IuMRI is a new technique only available at some hospitals, and collaboration between radiologists (for example, the establishment of expert panels) may be required if it is to be offered as part of the diagnostic pathway for fetal abnormalities.

 

Citation and Funding

Griffiths P, Bradburn M, Campbell M et al. MRI in the diagnosis of fetal developmental brain abnormalities: the MERIDIAN diagnostic accuracy study. Health Technol Assess. 2019;23(49).

This project was funded by the NIHR Health Technology Assessment Programme (project number 09/06/01).

 

Bibliography

RCOG. Termination of pregnancy for fetal abnormality in England, Scotland and Wales. London: Royal College of Obstetricians and Gynaecologists; 2010.

Produced by the University of Southampton and Bazian on behalf of NIHR through the NIHR Dissemination Centre

 

Commentaries

Expert commentary

All pregnant women in the UK are offered ultrasound screening for fetal anomalies. The finding of a suspected brain abnormality causes particular concern because of the implications for the future development of their child.

This large pragmatic study demonstrates that intrauterine MRI is a useful adjunct to ultrasound in the assessment of suspected fetal brain abnormalities.
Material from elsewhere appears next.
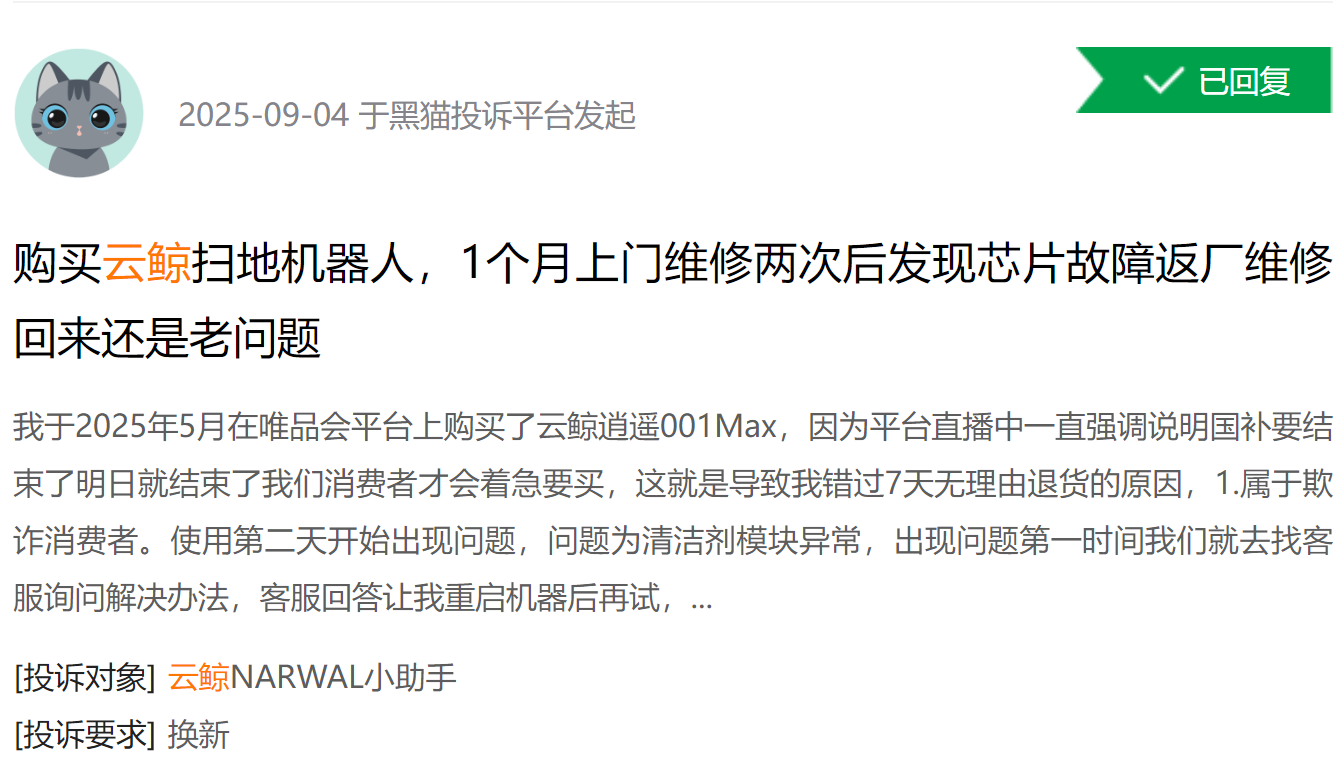 然而,新品发布热闹的背后,云鲸智能的产品质量问题也引发广泛关注。在黑猫投诉平台上,有关云鲸产品的投诉量已达数千条,消费者反馈的问题五花八门,从硬件故障到软件失灵,从清洁效果不佳到售后敷衍,影响了品牌形象与用户信任。

It improves diagnostic confidence, improves diagnostic accuracy and helps improve management when there is concern about the development of the fetal brain.
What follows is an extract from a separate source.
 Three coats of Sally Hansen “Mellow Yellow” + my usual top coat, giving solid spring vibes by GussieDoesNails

The strength of the study was the outcome reference data enabling confirmation of the diagnoses suspected on either ultrasound or MRI, strengthened by the follow up at age two to three. The study shows particular benefits in the use of iuMRI in the assessment of mild ventriculomegaly, posterior fossa abnormalities and failed commisuration (agenesis and hypogenesis of the corpus callosum) suggesting this should now become a routine part of the assessment of these abnormalities.

Mr David Howe, Consultant in Feto-Maternal Medicine, Princess Anne Hospital, Southampton

The commentator declares that he was on the Data Monitoring Committee for MERIDIAN but was not involved in the design, performance or analysis of the study

Expert commentary

Accurate prenatal diagnosis of fetal brain abnormalities and defining their prognosis can be challenging.
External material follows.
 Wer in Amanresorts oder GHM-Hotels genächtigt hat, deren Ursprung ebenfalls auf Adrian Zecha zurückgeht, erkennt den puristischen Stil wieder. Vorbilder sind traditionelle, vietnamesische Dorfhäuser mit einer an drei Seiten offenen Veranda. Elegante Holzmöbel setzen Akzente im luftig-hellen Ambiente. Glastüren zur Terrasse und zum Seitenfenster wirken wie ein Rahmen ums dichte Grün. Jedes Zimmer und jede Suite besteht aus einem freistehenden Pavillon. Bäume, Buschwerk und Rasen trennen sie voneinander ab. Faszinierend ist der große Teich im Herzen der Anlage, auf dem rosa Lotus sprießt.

This important study confirms that when fetal brain abnormality is suspected on ultrasound, MRI should be arranged, as it significantly increases the diagnostic accuracy. This improvement carries significant implications for parents’ counselling and decision-making.  

This study relates to UK practice. Clinicians in some other countries have argued that, because neurosonography is better there, the added benefit of MRI might not apply. Training of fetal medicine specialists in neurosonography and fetal brain MRI, as well as increasing its availability, are needed in order to improve current practice. 

Asma Khalil, Professor of Obstetrics and Maternal-Fetal Medicine, St George’s University Hospital, University of London

The commentator declares no conflicting interests.